We All Float Down Here, Georgie…
Okay, so I’m prepared to hear about NaNoWriMo for the next 30 days from all writers, established pros and aspiring ones alike. I literally have created a folder in my inbox to hear about how well people are doing, purely for selfish reasons (I like the idea of shooting someone an email on the 16th reminding them that they’ve only written 3K words since the 9th… it amuses me). I’m also prepared for people the castigate me because I don’t participate anymore. The last year I participated (2007) I wrote 96,000 words before Thanksgiving and pissed off about 100,000 people. Since my pissed people to words written ratio was 1.0 : 0.96, I decided that I would avoid this problem in the future by not participating, and instead rooting for others from the sidelines.
I spent all of yesterday on the set of Acts of God, a movie about four women whose lives all intersect through a series of tragedies.
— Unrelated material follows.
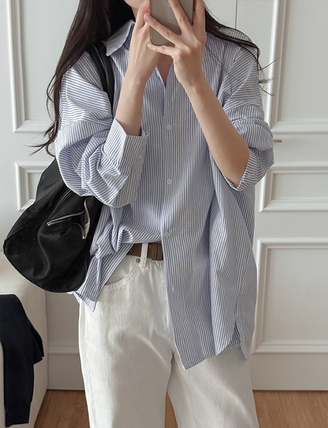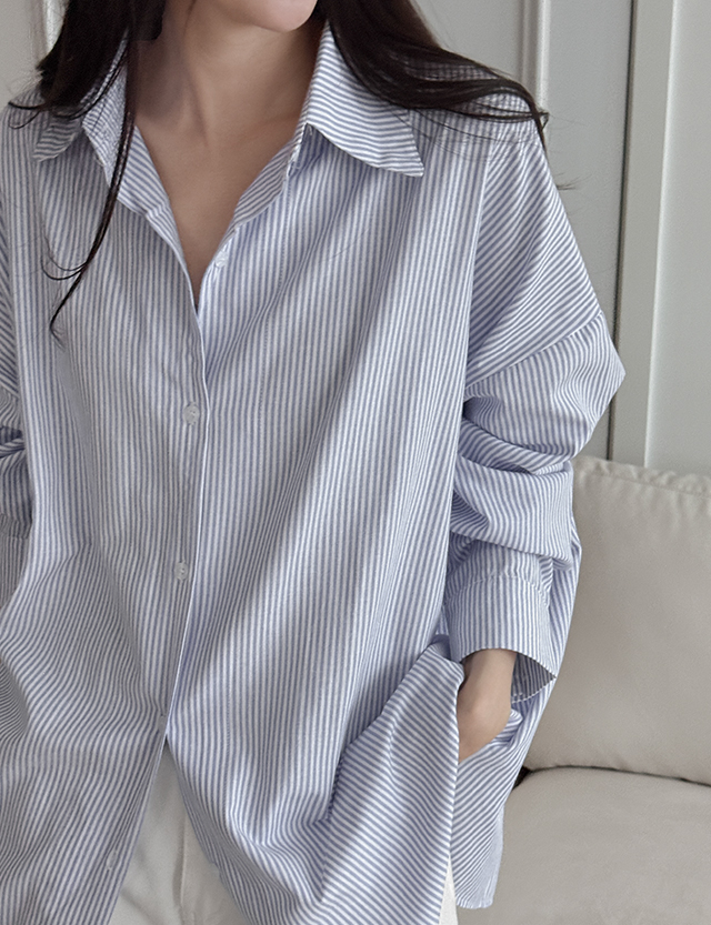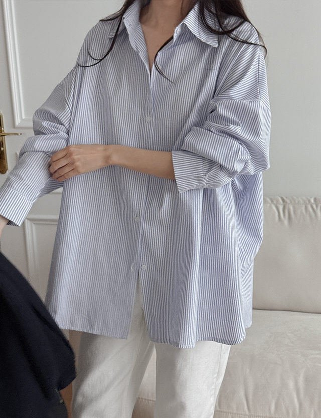 클래식하게 デイリー ルーズフィット ストライプ シャツ 86089

The scene we filmed was a flashback to Afghanistan, circa 2005 sometime, as a patrol comes under attack in a village. The scene concludes with multiple massive explosions (which were awesome to see live) and a tense standoff between a Taliban fighter and the five remaining squad members (which included me). I was outfitted in camo and prepped, though I seemed to have missed something. It was only later when I thought about it that I realized I hadn’t received any sort of belt for a sidearm. I looked around and saw that nobody else had either.
And my complaints about being made a corporal were for naught. No, I couldn’t get a promotion, they said. Phooey. Well, Corporal “Hujak” reporting as ordered, sir. I got to choose the last name, so of course I chose Hujak. That’s how I roll, yo.
Well, I had a speaking line, which means screen credit. So that’s two films now where I received IMDB credit. Sooner or later (I think it’s four screen credits) I’ll qualify for SAG. I’m not sure what that means, exactly, but without even trying, I’m halfway there.